National-Hebdo
- Type: Political journalism nationalist
- Publisher: Jean-Claude Varanne (1984–2008) Louis Aliot (2008)
- Editor-in-chief: Serge de Beketch (1985–1986) Roland Gaucher (1986–1993) Martin Peltier (1993–1998) Jean Bourdier (1998–1999) Yves Daoudal (1999–2008)
- Editor: François Brigneau (until 1998)
- Founded: 1984
- Ceased publication: 2008
- Language: French
- Headquarters: Paris, later Saint-Cloud
- Country: France
- Website: http://www.national-hebdo.net

= National-Hebdo =

French political newspaper

National-Hebdo was the unofficial weekly newspaper of the National Front (FN). For a long time, its offices were located in Le Paquebot, the headquarters of the political party. Created on 11 May 1984, it filed for bankruptcy on 12 June 2008.

== History ==
The editorial line closely followed the positions advocated by the FN. Initially titled "National Hebdo, the newspaper of Jean-Marie Le Pen," it was later changed to "National Hebdo, the newspaper of the National Front" in September 1985, "National Hebdo, a newspaper for the right" between 1989 and 1990, and "National Hebdo, a weekly for national information" starting in 1991.

== Management ==
The publication directors of National-Hebdo were Jean-Claude Varanne and later Louis Aliot. The last editor-in-chief and editorialist was Yves Daoudal (1999–2008). He succeeded Serge de Beketch (1985–1986), Roland Gaucher (1986–1993), Martin Peltier (1993–1998), and Jean Bourdier (1998–1999). Until 1998, the lead editorialist was François Brigneau, who left following the conflict between Jean-Marie Le Pen and Bruno Mégret.

== Closure ==
Running a deficit of hundreds of thousands of euros in 2008 and struggling with the FN's financial difficulties after poor results in the 2007 French legislative election, National-Hebdo declared bankruptcy in June 2008.

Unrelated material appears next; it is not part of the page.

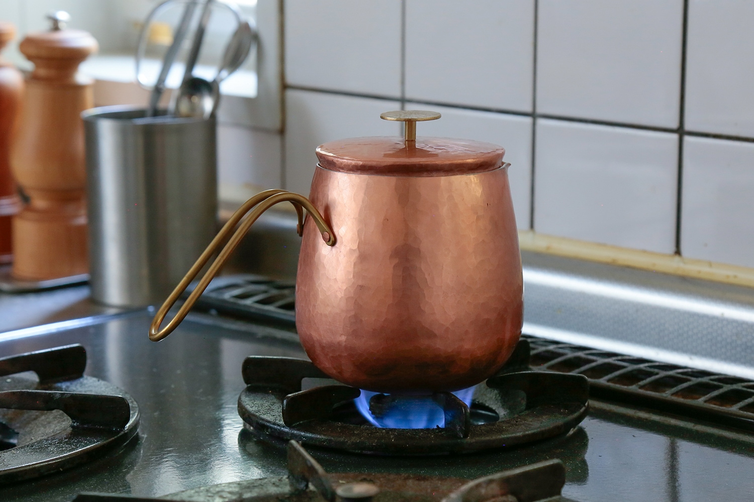 手打ちで叩いてかたちづくる銅製の台所道具を中心に製作。
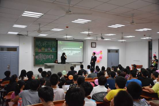 (学生记者 赵思月/文 通讯员 贾伊凡/摄)洞观课堂内外,精彩大学生活。9月26日晚,地环学院在武培B107举办了第二届校园知识PK赛。地环院14级四个八人小组参加了此次竞赛,院团总支书记刘娥老师与地环院全体14级新生共同观看了本次竞赛。

However, the newspaper continued to publish online.

Several former journalists of National-Hebdo later joined the editorial team of the journal Flash, which also included contributors such as Philippe Randa and Alain Soral.

== Publisher ==
National-Hebdo was published by SANH, Société Anonyme National-Hebdo (registration number 344140322), based in Saint-Cloud and managed by Jean-Claude Varanne. The offices were located on Rue Vauguyon, in Le Paquebot, the headquarters of the National Front.

SANH also published books and collections of texts and drawings featured in the weekly.

== Legal Issues ==
On 8 June 1994, the first civil chamber of the Paris tribunal de grande instance ordered National-Hebdo to pay 70,000 francs in damages to Josyane Savigneau and 30,000 francs to Monique Nemer, literary director at Éditions Stock, for defamation. National-Hebdo had repeated accusations made by Jean-Edern Hallier (also convicted) in L'Idiot international.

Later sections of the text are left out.